Rashid Johnson: Anxious Men

Page 37

When I stepped out of the shower, I thought I heard my youngest sister whimpering. She had been sleeping with my mother for almost a year now, ever since my stepfather left. Well, truth is, he didn’t exactly leave on his own. The day after he urinated on the bedroom rug because he was so drunk he thought he was in the bathroom and followed up with putting his cigarette out on the night table because he thought he saw an ash tray there, my mother finally had enough. Late that night, she packed his clothes in two old suitcases that were already sitting by the front door when I left for school that morning. We never saw him again. I wrapped the towel around myself and stepped just outside of the bathroom door. For sure that was Ella I heard, no longer whimpering but crying out loud. I walked a few steps down the hallway and cracked open the door to my mother’s bedroom. On seeing me, Ella shouted my name.
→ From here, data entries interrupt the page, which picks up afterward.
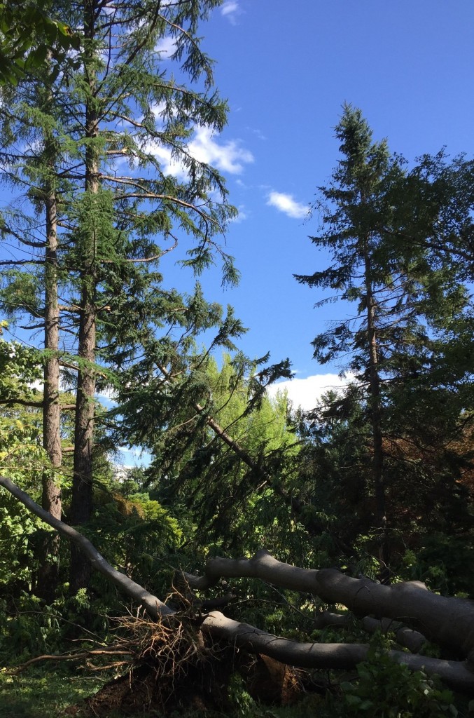 台風により大木も根こそぎだったり幹の途中からポキッリと...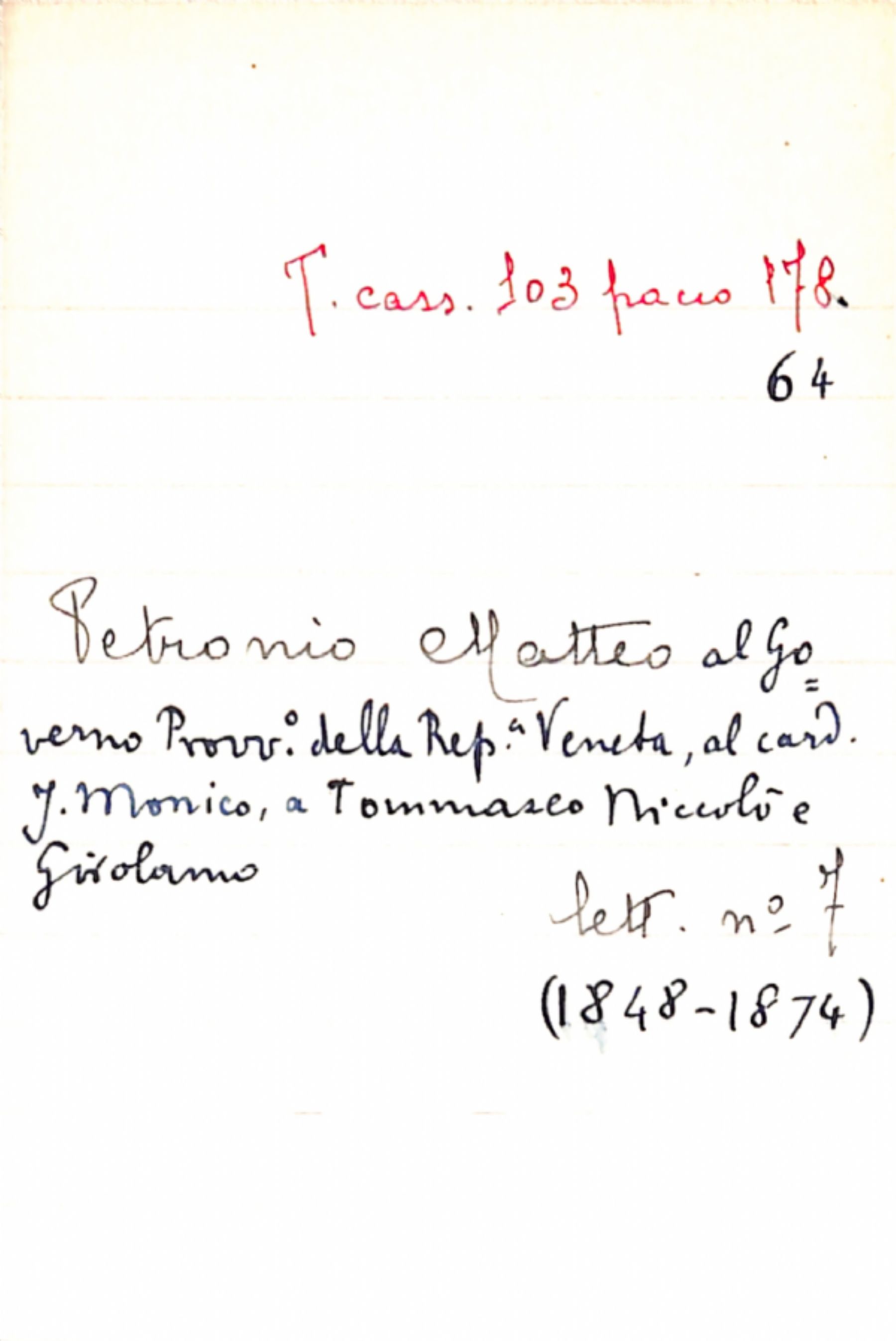 • Petronio, Matteo a Governo Provv.o della Rep.a Veneta; Monico, Jacopo, cardinale; Tommaseo, Niccolò; Tommaseo, Girolamo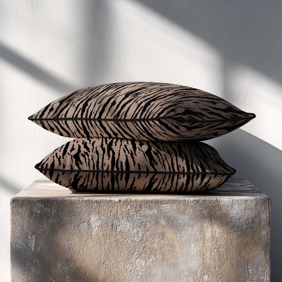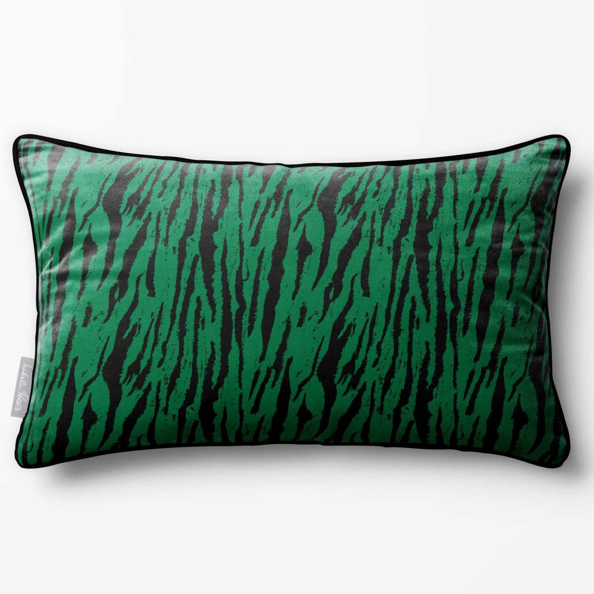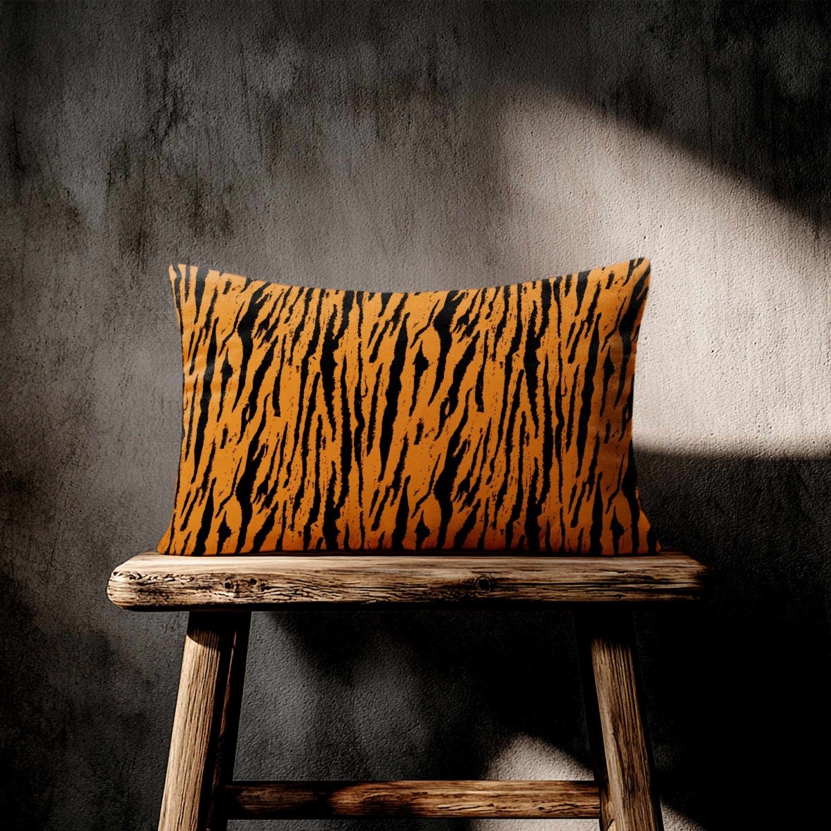 The Tiger Print rectangle cushion displays its bold stripe motif across a wide frame, making a confident statement in any room. The velvet finish adds softness and depth, balancing the strong design.

I started to say “shhhh” so she wouldn’t wake my mother, who had not been sleeping well. Lately, I often heard my mother walking around our small townhouse at night. Sometimes she was weeping softly. Once when I got up to go and comfort her, she reached out to give me a hug before I could initiate one and whispered in my ear “Don’t let me be misunderstood.” I found that strange, even a little frightening. But a few days later when I heard it blasting from the hi-fi and heard my mother singing it along with Nina Simone, I felt better. “It’s just a song,” I told myself. Ella drew my attention back to the present as she pleaded with me, “I can’t move Mommy,” she said, “I heard something under the bed that made me scared but I couldn’t wake her up!” I approached the bed where my mother lay, looking so peaceful. Eerily peaceful.